Stephen Colbert throws softballs: Suddenly he's got a bad case of Jimmy Fallon niceness

With Bill Clinton last night -- like he was with Trump and Michelle Obama -- Colbert has gone oddly toothless

Published October 7, 2015 2:10PM (EDT)

  (CBS)
(CBS)

Stephen Colbert doesn’t quite yet know who he is without the mask. It was apparent the night that he interviewed Donald Trump, and it came up again last night with another politician—former President Bill Clinton, making the rounds on behalf of his wife Hillary, the leading Democratic presidential candidate. Clinton is fantastically calm in the hot seat, and just really, really loves explaining things; a few minutes of Clinton Global Initiative spin went by before Colbert really got to a question. Sitting in “The Late Show”’s nondescript chair, wearing a dark suit, and looking thinner, frailer, and more benign than ever, it was hard to imagine that the former president was at the center of a sex scandal.

It was also hard to imagine that Colbert was an interviewer who delivered segments that went down as legend. The host had a few questions he tried to hit, and he got there, but they were largely softballs; the order of the day was not incision but flattery. Colbert, on “The Colbert Report,” was short on time, pull, and influence; having ascended to “The Late Show,” the host’s drive is a little sidelined by the unrestrained glee of having David Letterman’s old job—and, perhaps, the calm made possible by not having to be in boorish, ultra-conservative character every day of the week.

But where Colbert, the persona, could pose the toughest questions without flinching, Colbert, the person, is having a bit more trouble. To a degree, “The Late Show” is just a different kind of comedy show. But it would be a shame if that translated to a blander Colbert. His instincts as a comedian are to not just interrogate the fun, but join in on it; his character gave him a way to enter the fray of rancorous public debate and contradictory ethical pronouncements. Now that he’s mask-less, it’s a little harder to have fun with the state of American politics, which seem at times to be an ever-widening nightmare.
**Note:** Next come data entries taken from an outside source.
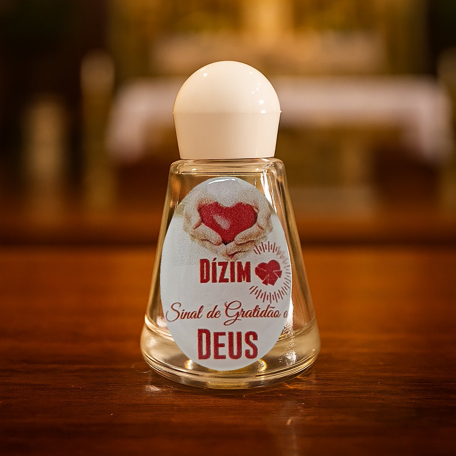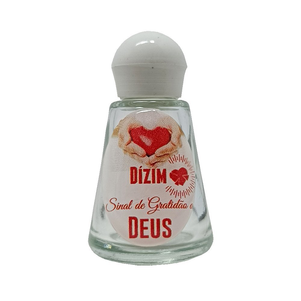 Porta água benta de vidro com estampa resinada tema Dízimo.
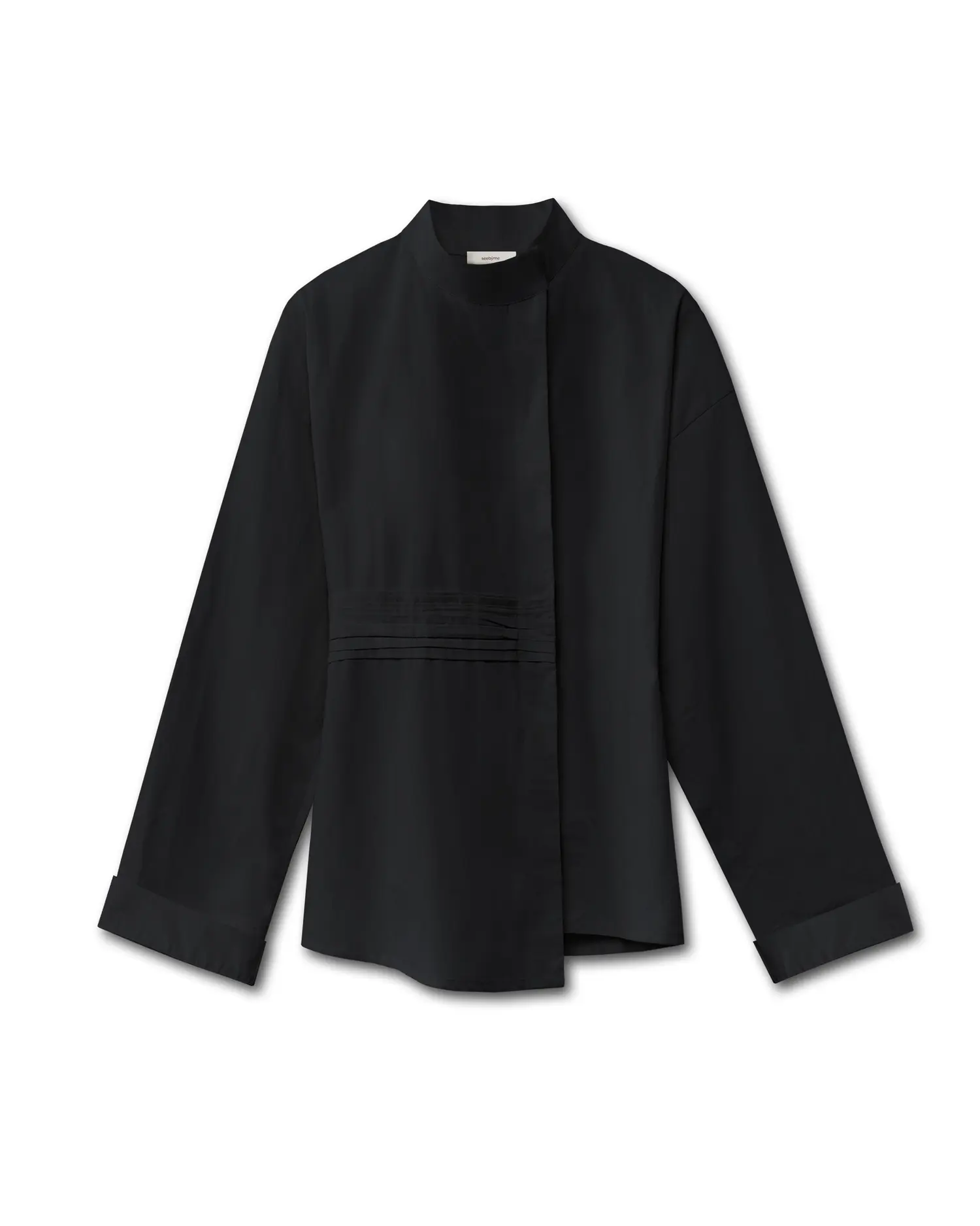 Рубашка с воротом-стойкой и скрытой супатной застежкой, где главный герой – крой и фактура. Акцент на талии с имитацией кушака и защипами на спинке создают графичный силуэт .
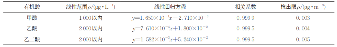 按照儀器工作條件測定混合標(biāo)準(zhǔn)溶液系列,以各有機酸的質(zhì)量濃度為橫坐標(biāo),對應(yīng)的峰面積為縱坐標(biāo)繪制標(biāo)準(zhǔn)曲線,所得的線性參數(shù)見表3。
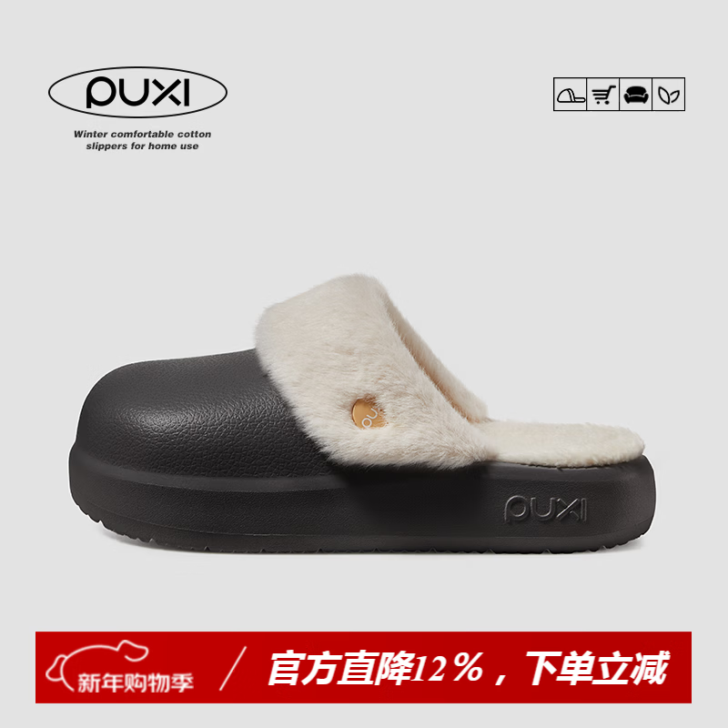 朴西冬季防水棉拖鞋女加绒保暖室内家居可拆卸厚底防滑情侣棉拖男 黑色 【柔软棉绒内胆】 38-39 (适合3738)

Nowhere is this more obvious than the Donald Trump campaign. I wrote earlier this month that Colbert’s treatment of Trump was to goad him to further excesses, and then unleash him onto the public; even tonight, the host seemed ecstatic that Trump was running, asking Clinton if he’d convinced Trump to run so as to secure the Oval Office for the Democrats. Clinton called Trump a “master brander,” but denied involvement in the campaign. And that was it; it’s Trevor Noah on “The Daily Show” and Larry Wilmore on “The Nightly Show” who are taking the biggest digs at Trump right now, while arguably one of the best political satirists alive today is hanging out chatting about vaping.

I’d love for Colbert’s optimism in the electoral process to be justified. The host seems truly unconvinced of Trump as a serious contender for the presidency. But last night’s looseness made me wonder who we’d see behind the desk of “The Late Show” if Trump starts winning things; it made me wonder if we could count on Colbert to speak some kind of truth to some kind of power.